# Kaua'i Rash



## Poobah

Whilst we were in Kaua'i (on the North Shore) my wife aquired a rash. This was in late March and she still has the rash. A doctor's appointment resulted in a prescription for a steroid and the rash began to disappear. As she weaned off the steroid, the rash reappeared.

She then visited our dermatologist which resulted in some oral medication and a steroid creme. This, again, had some initial affect, but it is back. The dermatologist did a biopsy and the result was that is was aracnidian in origin. Aracnidian does not necessarily mean a spider.

She has another appointment next week.

What is interesting is that the rash moves around. Sometimes it is on her wrists, sometime on her neck, sometimes on her lower back, and sometimes on her lower ribs. It itches. It is like her body can't shake the toxin.

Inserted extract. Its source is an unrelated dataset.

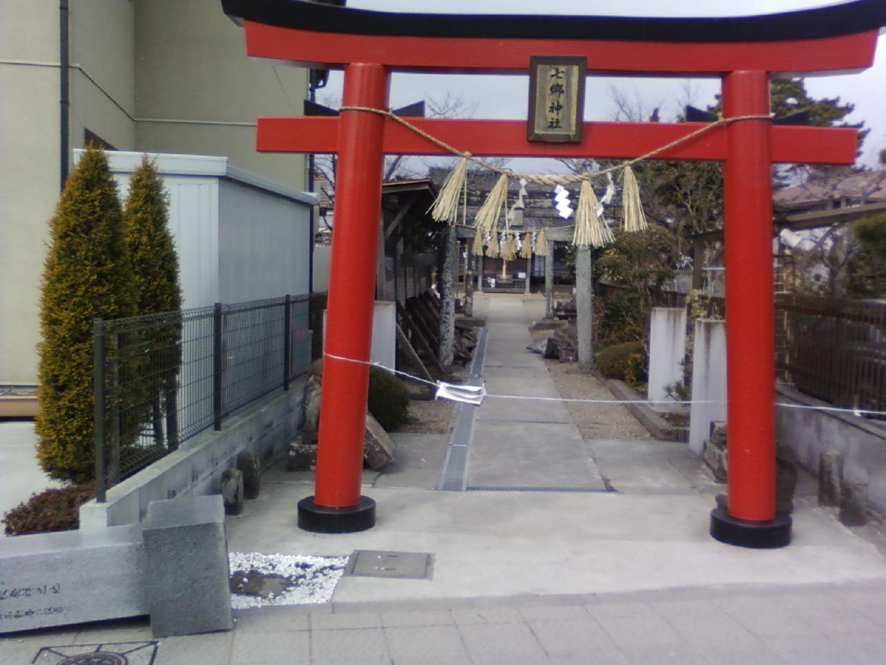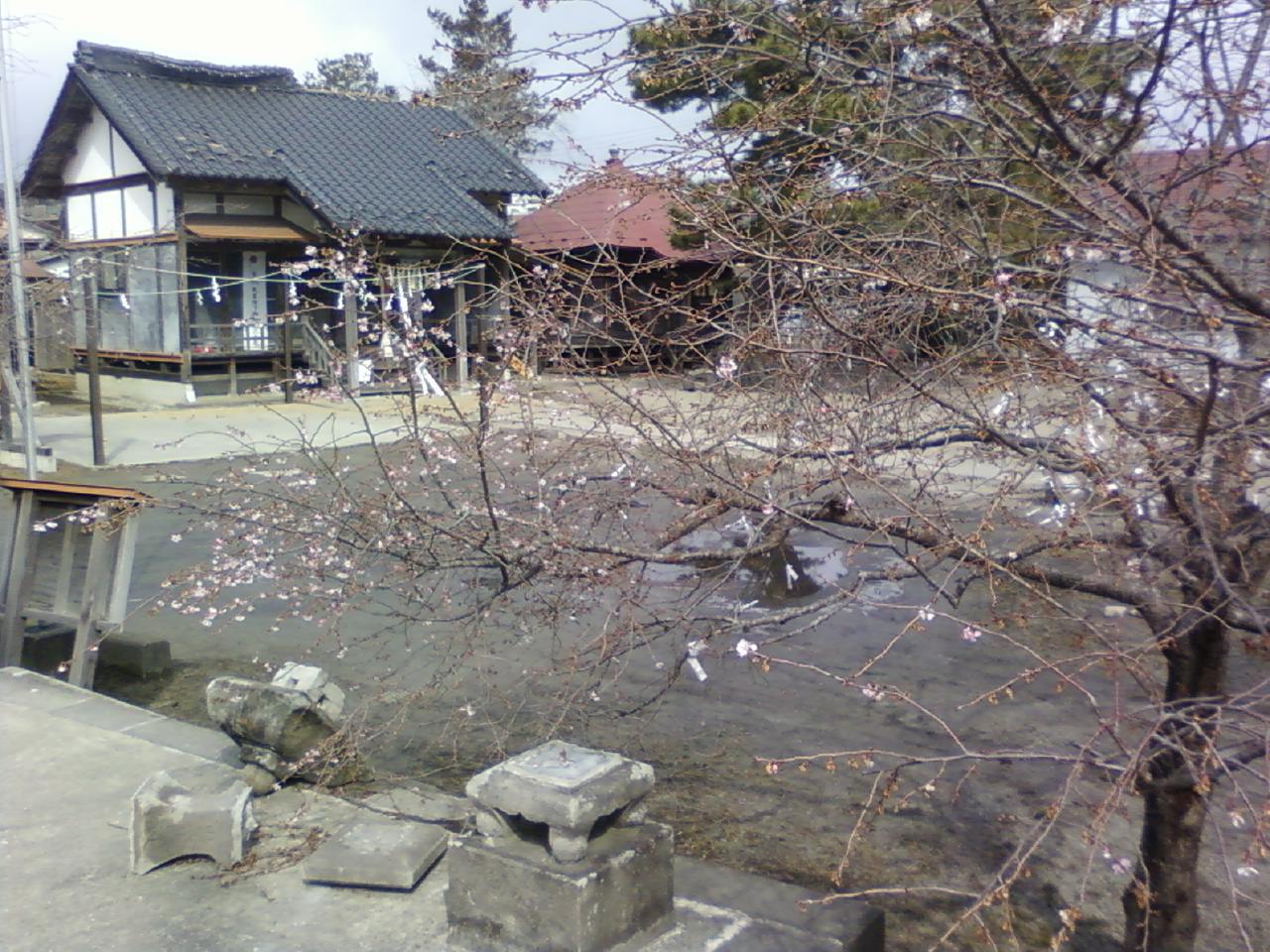 地震で屋根瓦の一部が崩れてい、鳥居脇の神社由来碑も倒れていました。

Has any one else who has traveled to Kaua'i experienced anything like this?  

Cheers,

Paul


----------



## mlfrancis

*could it be from a mango*

we didn't experience a rash (we were there the past 2 weeks) but were told that the mangoes hanging on the trees have a sap-like coating that is very much like poison ivy - some people have an allergic reaction, and often even to just eating one.  We were told not to pick mangoes but to buy them at a market as they would have been cleaned.


----------



## DeniseM

Except mangos are not arachnids:   



> The dermatologist did a biopsy and the result was that is was aracnidian in origin. Aracnidian does not necessarily mean a spider.


----------



## Kauai Kid

And physicians from Minnesota might not be specialists in tropical diseases. 

Two so far and no cure unfortunately. 

Sterling


----------



## TAG

We were there in November and I came back with a similar rash.  I've been on/off of cortisone cream since.  :annoyed:


----------



## rickandcindy23

Oh, my, so two people have had that rash, since visiting Kauai?  Did either of you go on a hike in the forest?  Perhaps something bit you both, and is still poison in your systems.


----------



## TAG

I didn't hike.  I was having problems with my varicose veins   so I didn't even get in the water.   I just parked my butt in a sand chair on the beach most of the time.


----------



## travelbug

Rash from mango sap?  I grew up in the tropics and never heard of a rash from the sap.
Marilyn


----------



## DeniseM

Yes - the rash from the Mango skin is very common.  



> Potential for contact dermatitis
> Mango peel contains urushiol, the chemical in poison ivy and poison sumac that can cause urushiol-induced contact dermatitis in susceptible people. Cross-reactions between mango contact allergens and urushiol have been observed. Those with a history of poison ivy or poison oak may be most at risk for an allergic reaction to mango skin.  This compound is also present in mango leaves and vines. During mango's primary season, it is the most common source of plant dermatitis in Hawaii.


----------



## sailingman22

I went to www.ask.com and entered "rash in kauai" and the first item was Poisonous Plants of Paradise | A Kauai Blog. It explained how one can get a rash from Angel's Trumpet, Plumeria, Mango tree sap, Oleander, Be-Still and other plants.


----------



## jbrunson

Latex sensitivity is not all that uncommon, and mango does produce a latex sap.  It seems to be a valid possibility here.


----------



## daventrina

OMG...
Trina had a rash... At first thought that it was from the spa...
Then thought that it was from the aleve that she started taking after seeing an add that listed a rash as one of the side effects,
Now wondering if it was something else....
We were most of the places that you were.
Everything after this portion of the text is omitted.